In Otto-cycle operated combustion engines, in particular in gas engines, in which a fuel-air mixture is ignited, for larger combustion chamber volumes the lean concept is applied. This means that a relatively large air excess is present, so that at maximum power density and simultaneously high efficiency of the engine, the harmful emissions and the thermal loading of the components are minimized. The ignition and combustion of very lean fuel-air mixtures represent a considerable challenge for the development and/or operation of modern high-performance gas engines.
Starting from a certain size of gas engines (generally with displacement above about six liters) it is necessary to use ignition intensifiers, in order to pass through the correspondingly large flame paths in the combustion chambers of the cylinders in the shortest possible time. Prechambers usually serve as these ignition intensifiers, and the fuel-air mixture that is highly compressed at the end of the compression stroke is ignited in a relatively small secondary space separate from the main combustion chamber of the cylinders. In this case, a main combustion chamber is delimited by the working piston, the cylinder liner, and the bottom of the cylinder head. The secondary space (the prechamber) is connected via one or a plurality of transfer holes with the main combustion chamber. Often these prechambers are flushed or filled with fuel gas during the gas exchange phase, in order to enrich the fuel-air mixture and thus improve the ignition and combustion properties. For this, a small amount of fuel gas is diverted from the fuel supply line to the main combustion chamber and fed into the prechamber via a suitable feed device provided with a nonreturn valve. This amount of fuel gas flushes the prechamber during gas exchange and so is often known as flushing gas.
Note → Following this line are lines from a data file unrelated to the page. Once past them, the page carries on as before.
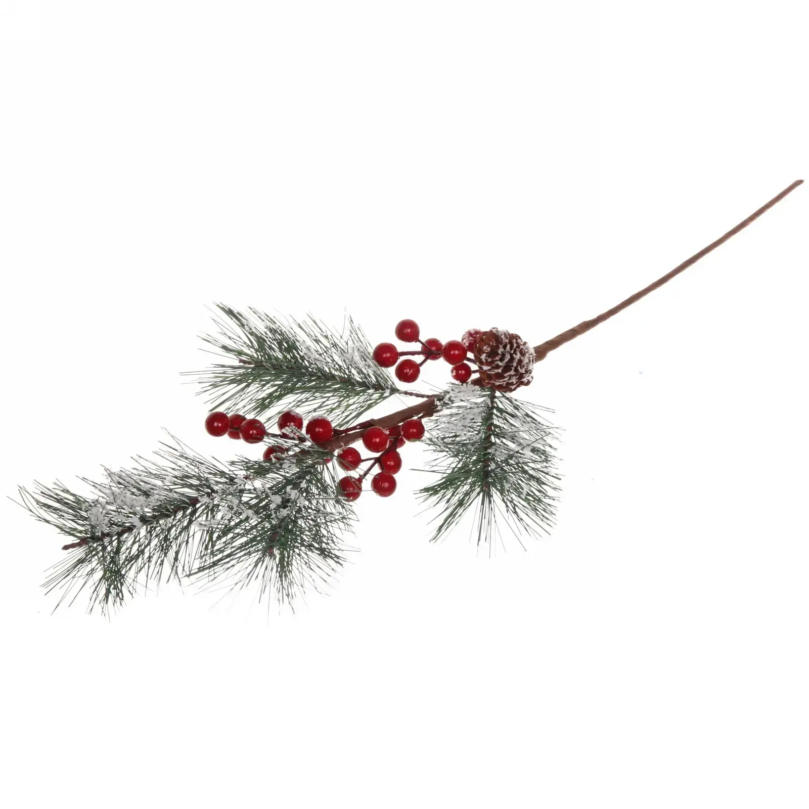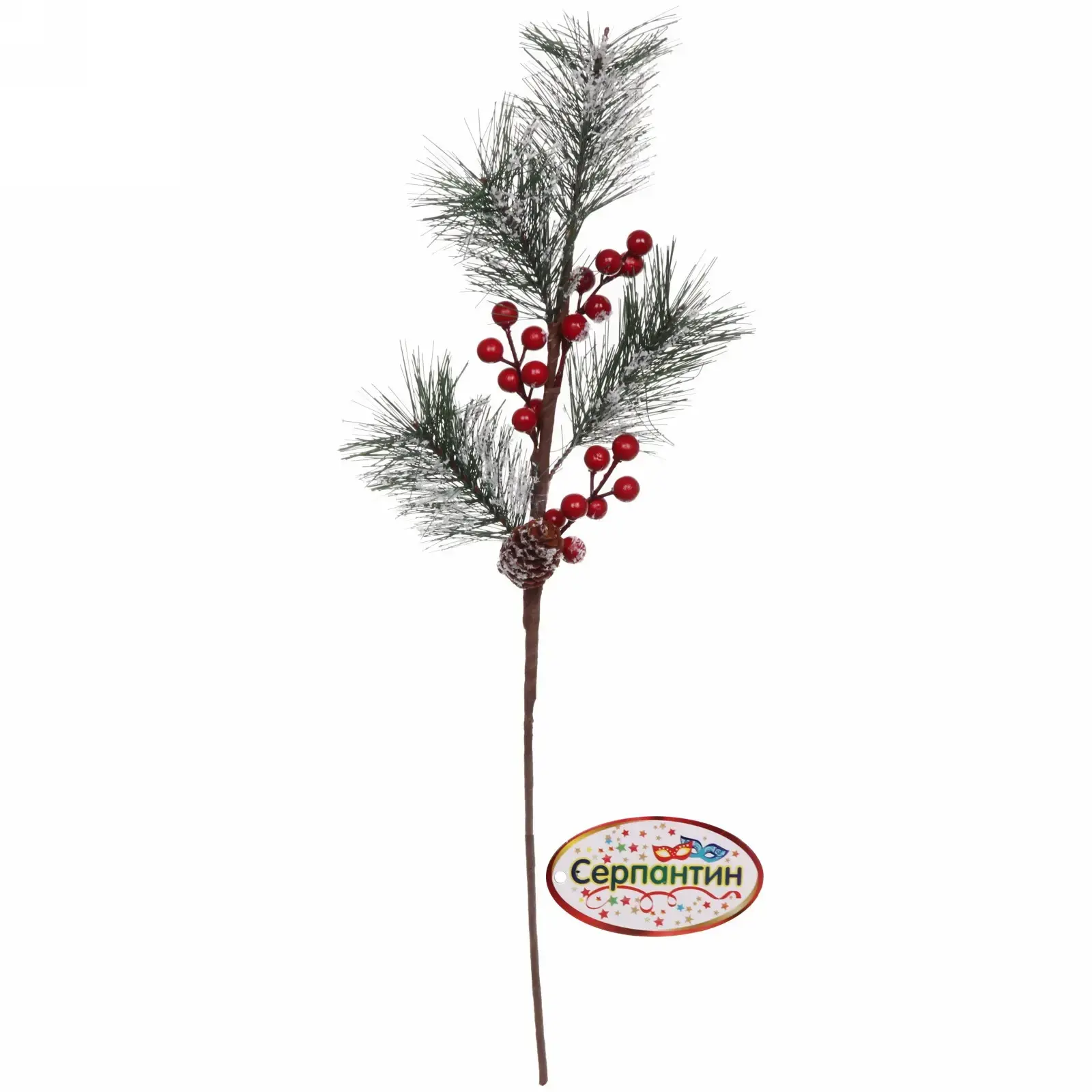 Ветка декоративная "Иней" 60см, PVC/пластик, красные ягоды и шишка
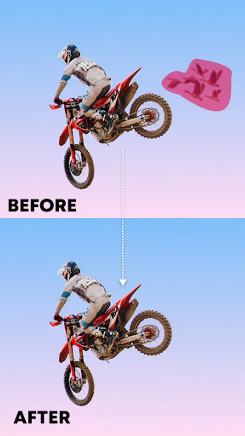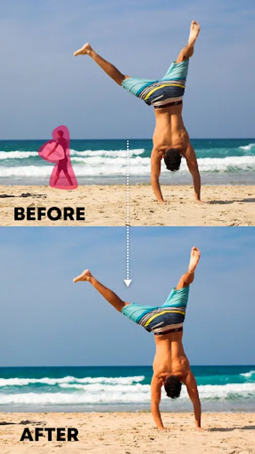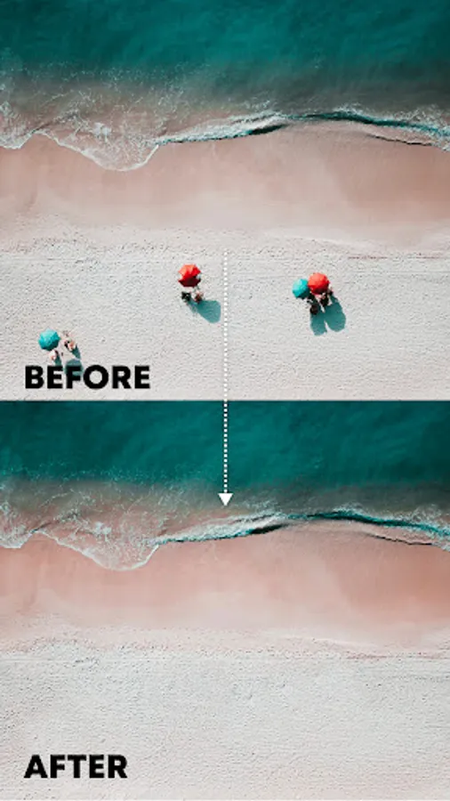 Remove objects from your photos with one touch without a computer? It's easy! Together with our object remover app, you can easily erase unwanted object from your photo and save new image!
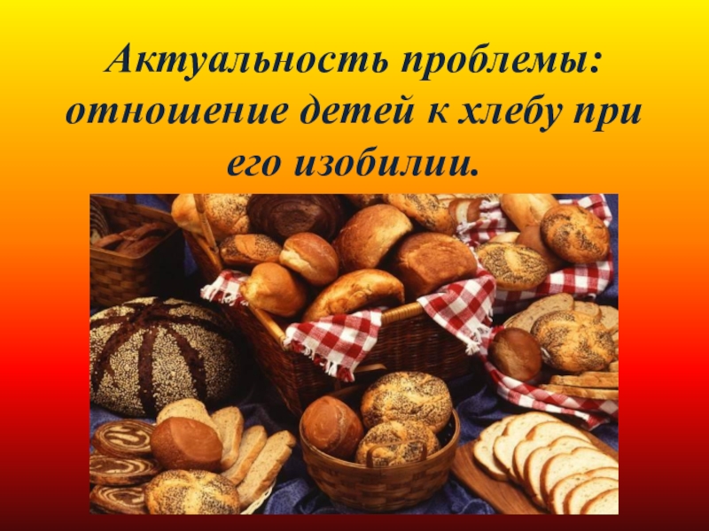 Слайд 2Актуальность проблемы: отношение детей к хлебу при его изобилии.
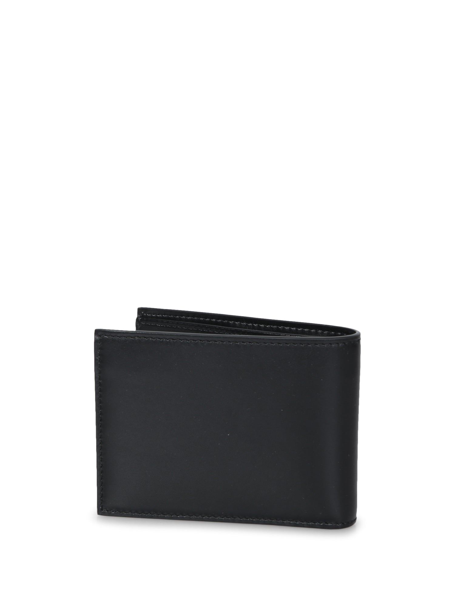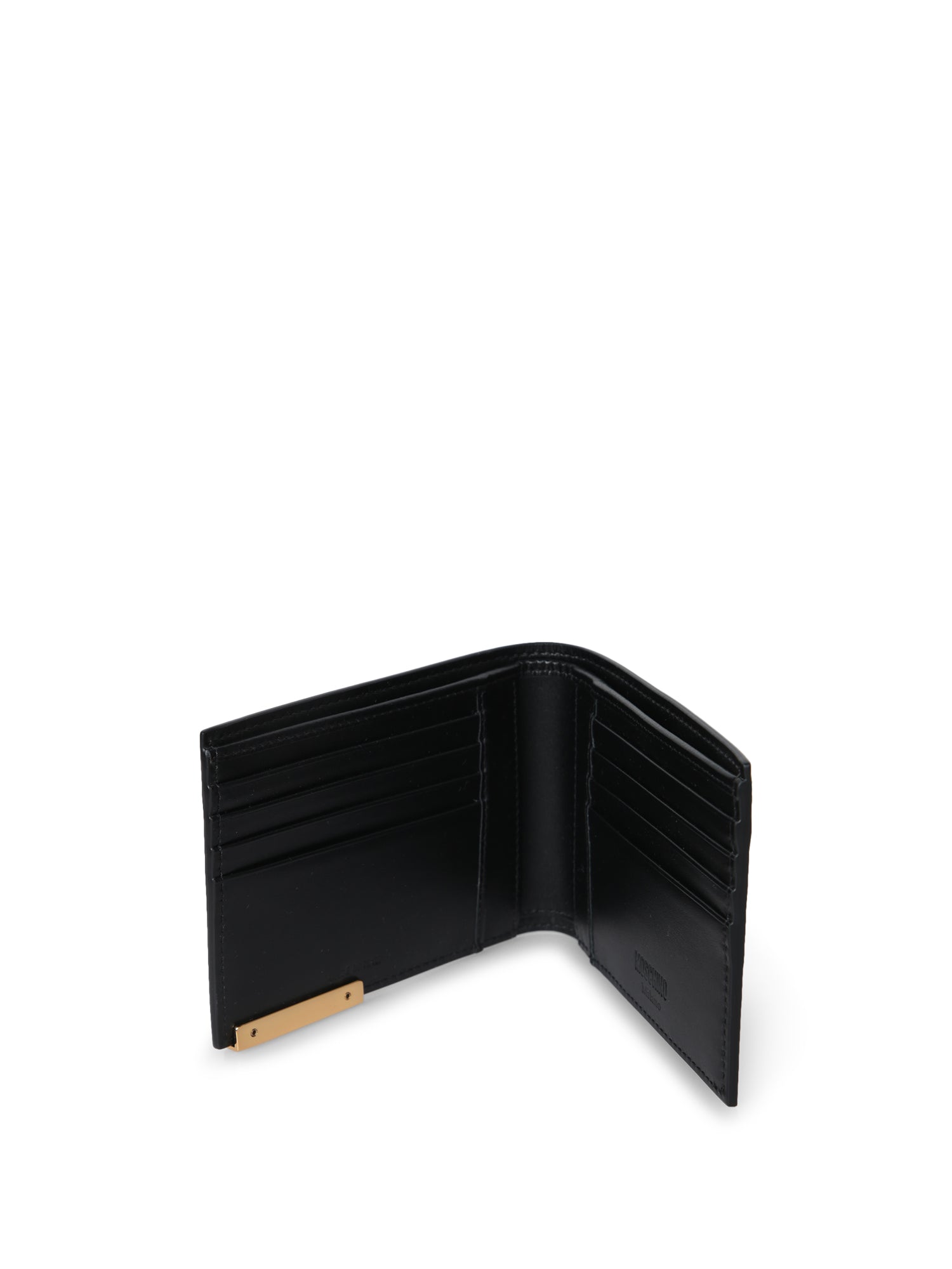 Understated elegance defines this Moschino black leather wallet, enhanced with a golden logo plaque. An essential accessory designed to meld style with functionality.
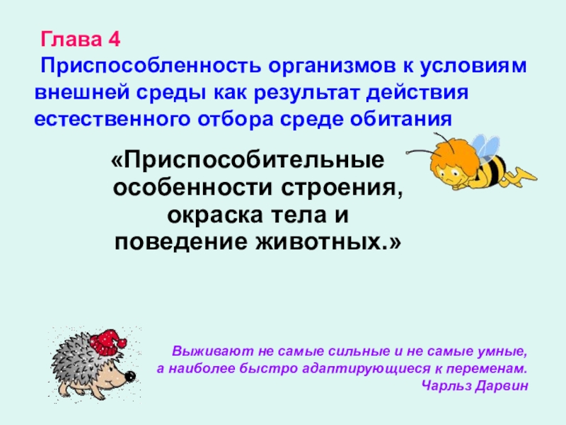«Приспособительные особенности строения, окраска тела и поведение животных.»

During the compression phase, the very lean fuel-air mixture of the main combustion chamber flows through the transfer holes into the prechamber, where it mixes with the flushing gas. The ratio of fuel to air in the mixture is stated as the excess-air coefficient λ. An excess-air coefficient of λ=1 means that the amount of air present in the mixture corresponds exactly to the amount that is required to allow complete combustion of that amount of fuel. In such a case, combustion takes place stoichiometrically. At full load, large gas engines are usually run lean, at λ of approx. 1.9 to 2.0, i.e. the amount of air in the mixture corresponds to about twice the stoichiometric amount of air. Due to the flushing of the prechamber with fuel gas, after mixing with the fuel gas-air mixture of the main combustion chamber, an average λ in the prechamber is approx. 0.8 to 0.9. Therefore, the ignition conditions are optimal and, due to the energy density, there are intensive ignition flames extending into the main combustion chamber, which lead to a rapid, thorough combustion of the fuel-air mixture in the main combustion chamber. At these λ values, however, combustion takes place at the maximum temperature level, so that the wall temperatures in the region of the prechamber are also correspondingly high. As a result, on the one hand there is correspondingly high thermal loading of the prechamber and of the components arranged therein (e.g. spark plug, valves) and on the other hand there are undesirably high nitrogen oxide emissions.
Injecting water into a prechamber, so that the associated drop in temperature reduces the nitrogen oxide emissions, is already known from JP 07-127453.
This has the drawback that the water is injected into the prechamber before or during ignition, thus reducing the performance of the prechamber as ignition intensifier.